LA CULTURE PERSANE ET LE REGIME DES AYATOLAS

Impossible de résumer en un seul article le dossier historique complexe du pays qui remonte à 2500 ans et qui culmine dans l'actuelle République islamique d'Iran apparue en 1979 , après une révolution sociale qui serait capitalisée par des religieux conservateurs. Ceux-ci ont imposé, face au pillage occidental dont ils étaient l'objet depuis des décennies, une version extrême de l'islam comme moyen de retrouver l'essence et la pureté iraniennes.

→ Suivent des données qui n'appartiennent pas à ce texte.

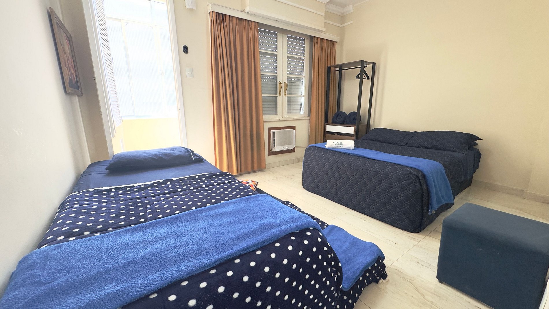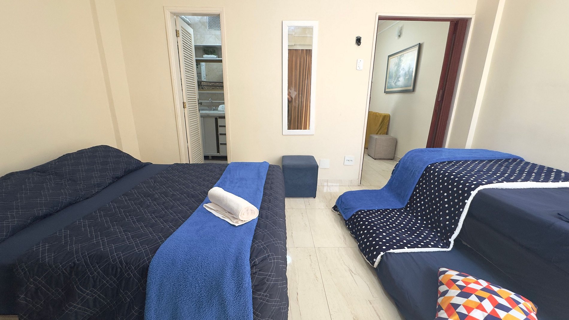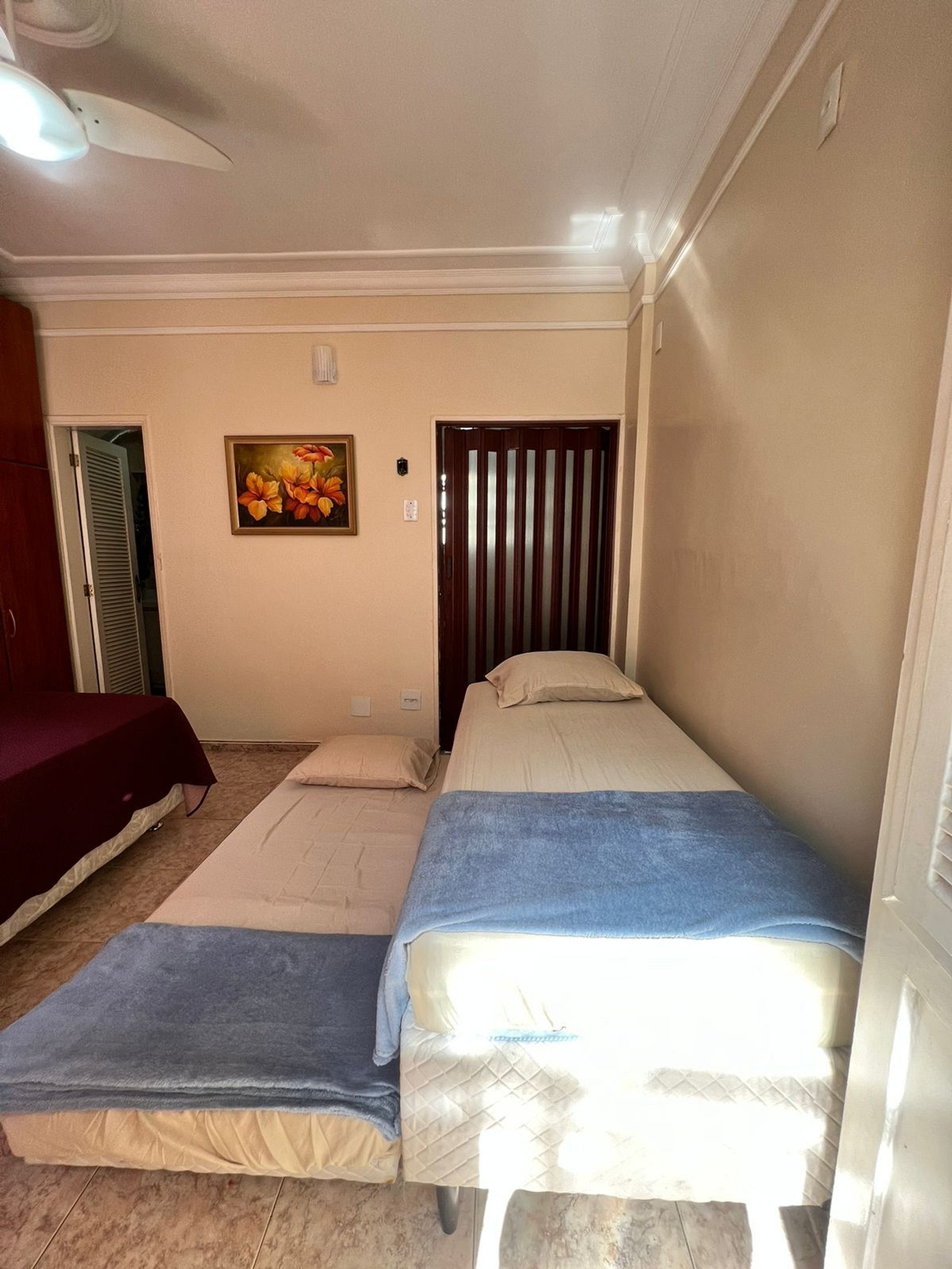 Acomodação confortável com 1 cama de casal e 2 camas de solteiro, perfeito para diferentes formações de grupo.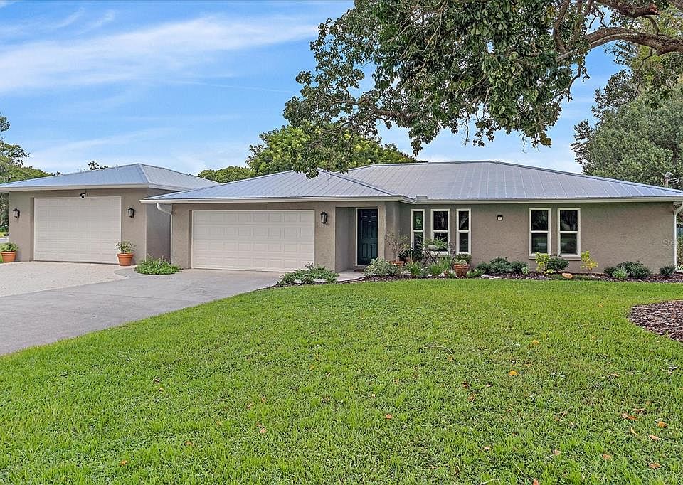 Situated on a generously sized, west facing corner lot in top-rated Ashton Elementary School District, just a short walking distance away! This beautiful 3 bedroom, 2 bath WATERFRONT home is a MUST SEE! Located on a quiet street, with major curb appeal, expertly designed and maintained landscaping is just the beginning of the MANY UPGRADES this ranch-style home has to offer. An inviting open floor plan with split bedrooms provides a nice flow for daily activities and entertaining. The modern kitchen looks out over the backyard and features a large island with breakfast bar, sleek quartz countertops, and mosaic backsplash. Solid custom wood cabinetry, stainless appliance package, and crown molding will delight the chef of the house! The dining and family room have backyard lake views providing stunning evening sunsets. Each of the three bedrooms offer large walk-in closets, and both bathrooms have new quartz vanities and plumbing with new faucets and showerheads. Begin and end your day on the lanai overlooking your private fenced yard with mature shade trees and lake views. The 32 x 24 workshop with new gravel drive is a great place to store your boat, recreational vehicles, or make into a studio. Additional features include new AC in 2018, new electrical fans, lights, light switches, and outlets throughout, 650G water reclamation system, new interior doors, new Schlage hardware inside and out, outdoor shower, new 40 YR metal roof in 2020 with hurricane straps, new impact resistant windows and sliding doors in 2020, 3- Phase water filtration system with reverse osmosis, new gutters, and a new energy saver water heater. Redone with attention to every detail, this is your move in ready opportunity to live in a great community with no deed restrictions, just minutes to downtown and Sarasota beaches. Do not miss out! Call now to schedule your showing today!

Mais, et là commence la première des grandes contradictions de l'Iran, la culture farsi a toujours été une culture extrêmement tolérante dans laquelle les plaisirs de la vie jouent un rôle fondamental : le vin (oui, oui le vin), l'amour, la poésie ou la chanson sont constamment présents dans la littérature et les coutumes du pays. Comment se fait-il alors qu'un régime d'abstinence, de prière et de fatalisme ait pu si longtemps gouverner les desseins d'un peuple imprégné de valeurs aussi opposées ? Difficile de trouver une réponse, ce que l'on peut dire, c'est qu'il existe une tension latente (particulièrement tangible dans les couches les plus jeunes de la population) sur laquelle se fondent des contradictions permanentes : l'accès à Facebook n'est pas autorisé mais presque tous ont un compte ouvert , l'alcool est strictement interdit mais il est courant d'avoir un « dealer » qui en fournit régulièrement...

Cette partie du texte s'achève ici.